Clanwilliam Spiroctenus Trapdoor Spider

Scientific classification
- Kingdom: Animalia
- Phylum: Arthropoda
- Subphylum: Chelicerata
- Class: Arachnida
- Order: Araneae
- Infraorder: Mygalomorphae
- Family: Bemmeridae
- Genus: Spiroctenus
- Species: S. inermis
- Binomial name: Spiroctenus inermis (Purcell, 1902)
- Synonyms: Hermachastes inermis Purcell, 1902 ;

= Spiroctenus inermis =

- Authority: (Purcell, 1902)

Species of spider

Spiroctenus inermis is a species of spider in the family Bemmeridae. It occurs in the Western Cape and Northern Cape provinces of South Africa.

== Distribution ==
Spiroctenus inermis has been recorded from Clanwilliam Pakhuisberg in the Western Cape, and Nieuwoudtville and Oorlogskloof Nature Reserve in the Northern Cape.

== Habitat ==
The species inhabits the Fynbos and Succulent Karoo biomes as a ground-dwelling burrow constructor.

== Description ==

Only males of Spiroctenus inermis are known to science.
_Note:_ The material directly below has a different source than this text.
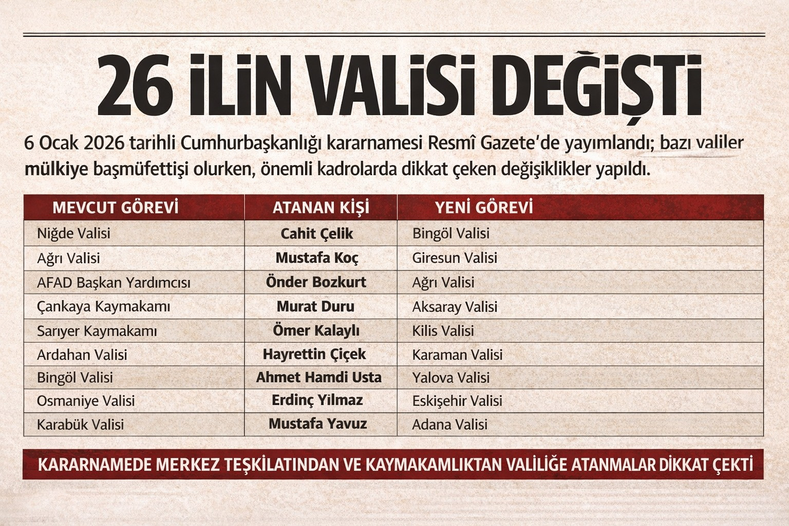 Ayrıca, Murat Duru Aksaray Valisi, Ömer Kalaylı Kilis Valisi, Hüseyin Engin Sarıibrahim Kırıkkale Valisi, Oktay Çağatay Karabük Valisi, Nedim Akmeşe Niğde Valisi, Hüseyin Çakırtaş Çankırı Valisi ve Önder Bozkurt Ağrı Valisi olarak görevlendirildi. Bu listede, Çankaya ve Sarıyer Kaymakamları gibi yerel yönetim kökenli isimlerin valiliğe yükseltilmesi, kararnameyi daha da ilgi çekici kılıyor. 2026 Valiler Kararnamesi ile merkeze çekilen valiler arasında ise Selçuk Aslan, Ercan Turan, Mehmet Ali Kumbuzoğlu, Hülya Kaya, Hüseyin Aksoy, Ömer Faruk Coşkun ve Aziz Yıldırım bulunuyor.

The carapace is pale ochraceous with the cephalic region darkened with a brownish tinge and a longitudinal ochraceous stripe extending from each side of the ocular area. The chelicerae are pale ochraceous with infuscate lines. The legs are pale ochraceous with femora weakly darkened with brownish lines above. The sternum and underside of coxae are pale yellowish. The opisthosoma is pale yellowish with the upper surface and usually the posterior part of the sides strongly blackened, showing numerous pale yellowish dots and spots but lacking well-defined obliquely transverse dark stripes. The total length is 12-14 millimeters.

== Conservation ==
The species is listed as Data Deficient for taxonomic reasons, as females remain unknown and the full species range requires further study.